- Work order: In this exercise, print only the lines of the records below from the one with "3.示教板面板采用耐創(ch" through the one with "ハイキュー!! グッズ,月島蛍 - IPhone", inclusive. Pictures are not part of the copy.

START Input data

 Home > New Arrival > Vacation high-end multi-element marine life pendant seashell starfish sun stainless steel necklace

END Input data
START Input data

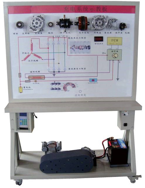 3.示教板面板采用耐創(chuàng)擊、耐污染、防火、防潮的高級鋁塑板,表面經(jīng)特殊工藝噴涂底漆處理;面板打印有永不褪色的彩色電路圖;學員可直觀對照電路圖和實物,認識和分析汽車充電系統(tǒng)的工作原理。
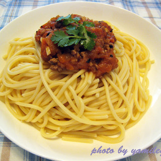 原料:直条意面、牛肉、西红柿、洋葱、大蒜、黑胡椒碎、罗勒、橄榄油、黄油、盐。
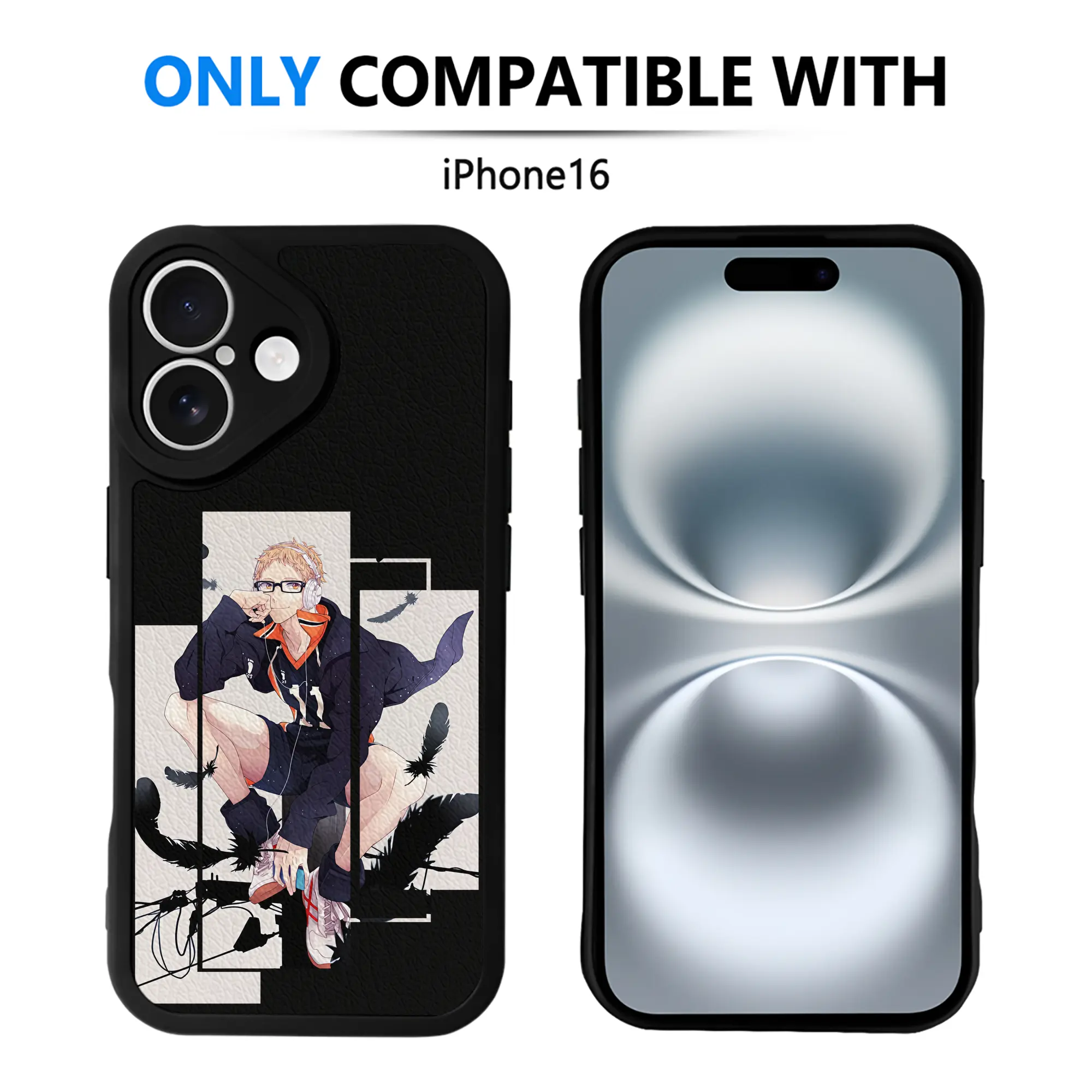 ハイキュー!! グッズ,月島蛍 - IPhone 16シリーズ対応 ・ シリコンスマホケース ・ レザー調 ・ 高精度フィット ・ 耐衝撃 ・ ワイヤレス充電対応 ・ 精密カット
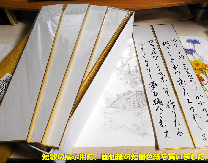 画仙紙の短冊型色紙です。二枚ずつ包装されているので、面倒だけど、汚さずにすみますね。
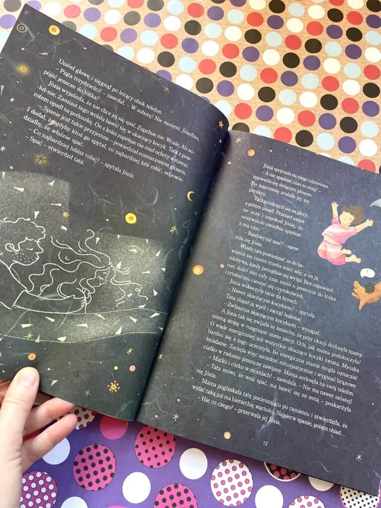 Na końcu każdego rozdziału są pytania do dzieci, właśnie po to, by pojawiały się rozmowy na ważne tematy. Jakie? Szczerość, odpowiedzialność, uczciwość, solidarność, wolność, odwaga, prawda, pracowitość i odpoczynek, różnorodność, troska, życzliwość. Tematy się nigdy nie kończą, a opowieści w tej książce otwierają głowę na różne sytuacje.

END Input data
START Input data

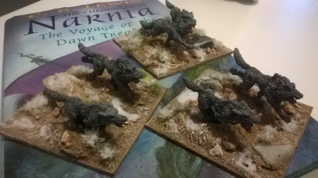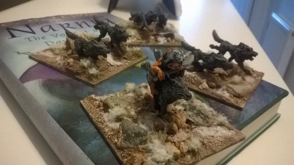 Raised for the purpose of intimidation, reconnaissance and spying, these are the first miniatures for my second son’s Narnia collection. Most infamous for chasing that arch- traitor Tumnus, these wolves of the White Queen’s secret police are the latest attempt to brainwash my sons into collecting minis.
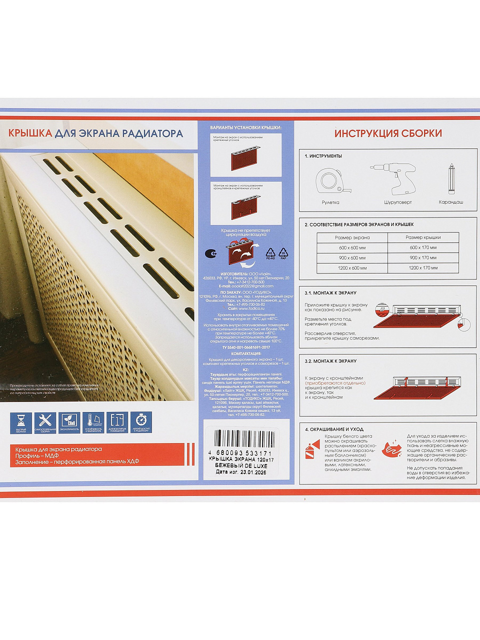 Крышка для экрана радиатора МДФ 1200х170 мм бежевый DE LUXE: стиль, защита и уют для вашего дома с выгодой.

END Input data

- Output for this task:
 3.示教板面板采用耐創(chuàng)擊、耐污染、防火、防潮的高級鋁塑板,表面經(jīng)特殊工藝噴涂底漆處理;面板打印有永不褪色的彩色電路圖;學員可直觀對照電路圖和實物,認識和分析汽車充電系統(tǒng)的工作原理。
 原料:直条意面、牛肉、西红柿、洋葱、大蒜、黑胡椒碎、罗勒、橄榄油、黄油、盐。
 ハイキュー!! グッズ,月島蛍 - IPhone 16シリーズ対応 ・ シリコンスマホケース ・ レザー調 ・ 高精度フィット ・ 耐衝撃 ・ ワイヤレス充電対応 ・ 精密カット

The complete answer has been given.